→ Work item: Output must consist only of the lines of the material below from the one with "Kalabalık bir heyetle" through the one with "Musée archéologique, Venise", each reproduced exactly; no pictures belong in it.

→ Records provided:
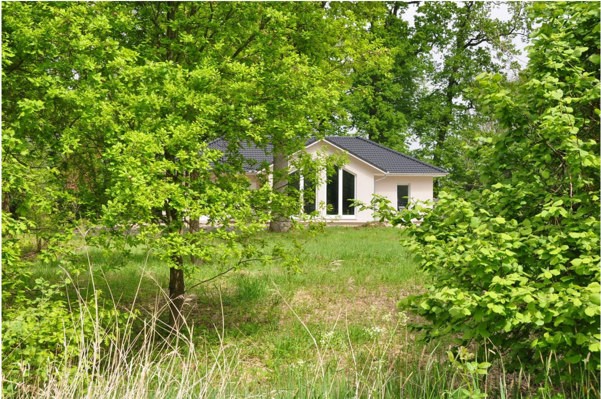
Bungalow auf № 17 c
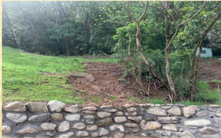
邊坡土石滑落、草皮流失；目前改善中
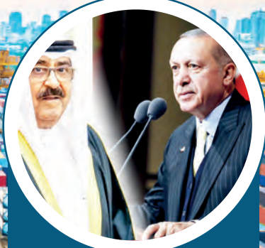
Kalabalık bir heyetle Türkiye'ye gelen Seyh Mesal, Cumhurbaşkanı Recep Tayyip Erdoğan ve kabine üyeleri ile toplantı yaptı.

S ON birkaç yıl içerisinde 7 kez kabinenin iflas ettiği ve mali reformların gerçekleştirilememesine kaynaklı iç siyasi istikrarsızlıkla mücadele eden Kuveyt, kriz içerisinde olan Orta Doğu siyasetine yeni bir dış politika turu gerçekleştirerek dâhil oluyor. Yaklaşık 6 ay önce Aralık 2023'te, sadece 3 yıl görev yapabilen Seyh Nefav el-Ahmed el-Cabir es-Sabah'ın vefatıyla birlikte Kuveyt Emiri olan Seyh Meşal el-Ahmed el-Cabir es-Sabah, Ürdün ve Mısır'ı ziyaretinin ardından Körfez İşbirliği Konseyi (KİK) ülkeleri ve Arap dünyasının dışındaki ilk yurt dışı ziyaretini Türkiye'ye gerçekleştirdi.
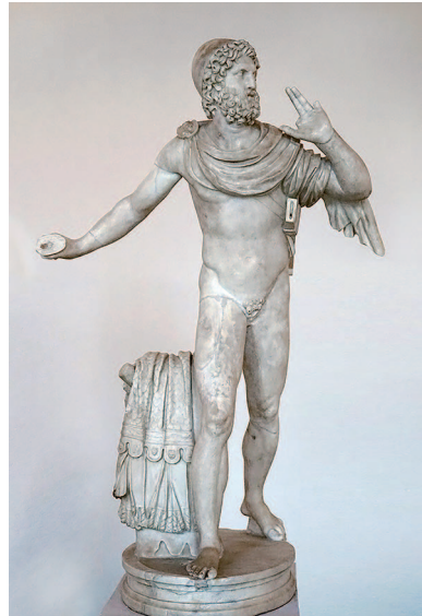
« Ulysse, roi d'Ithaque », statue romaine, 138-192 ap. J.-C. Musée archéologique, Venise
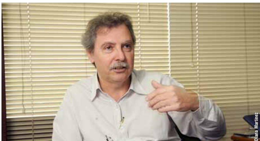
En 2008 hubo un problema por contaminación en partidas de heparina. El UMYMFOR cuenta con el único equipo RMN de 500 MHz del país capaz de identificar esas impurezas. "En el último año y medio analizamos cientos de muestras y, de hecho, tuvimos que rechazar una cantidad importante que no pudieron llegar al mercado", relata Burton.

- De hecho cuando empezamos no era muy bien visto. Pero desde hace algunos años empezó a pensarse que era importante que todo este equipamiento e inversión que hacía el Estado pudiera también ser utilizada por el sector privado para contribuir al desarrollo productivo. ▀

→ Solution to this problem:
Kalabalık bir heyetle Türkiye'ye gelen Seyh Mesal, Cumhurbaşkanı Recep Tayyip Erdoğan ve kabine üyeleri ile toplantı yaptı.

S ON birkaç yıl içerisinde 7 kez kabinenin iflas ettiği ve mali reformların gerçekleştirilememesine kaynaklı iç siyasi istikrarsızlıkla mücadele eden Kuveyt, kriz içerisinde olan Orta Doğu siyasetine yeni bir dış politika turu gerçekleştirerek dâhil oluyor. Yaklaşık 6 ay önce Aralık 2023'te, sadece 3 yıl görev yapabilen Seyh Nefav el-Ahmed el-Cabir es-Sabah'ın vefatıyla birlikte Kuveyt Emiri olan Seyh Meşal el-Ahmed el-Cabir es-Sabah, Ürdün ve Mısır'ı ziyaretinin ardından Körfez İşbirliği Konseyi (KİK) ülkeleri ve Arap dünyasının dışındaki ilk yurt dışı ziyaretini Türkiye'ye gerçekleştirdi.
« Ulysse, roi d'Ithaque », statue romaine, 138-192 ap. J.-C. Musée archéologique, Venise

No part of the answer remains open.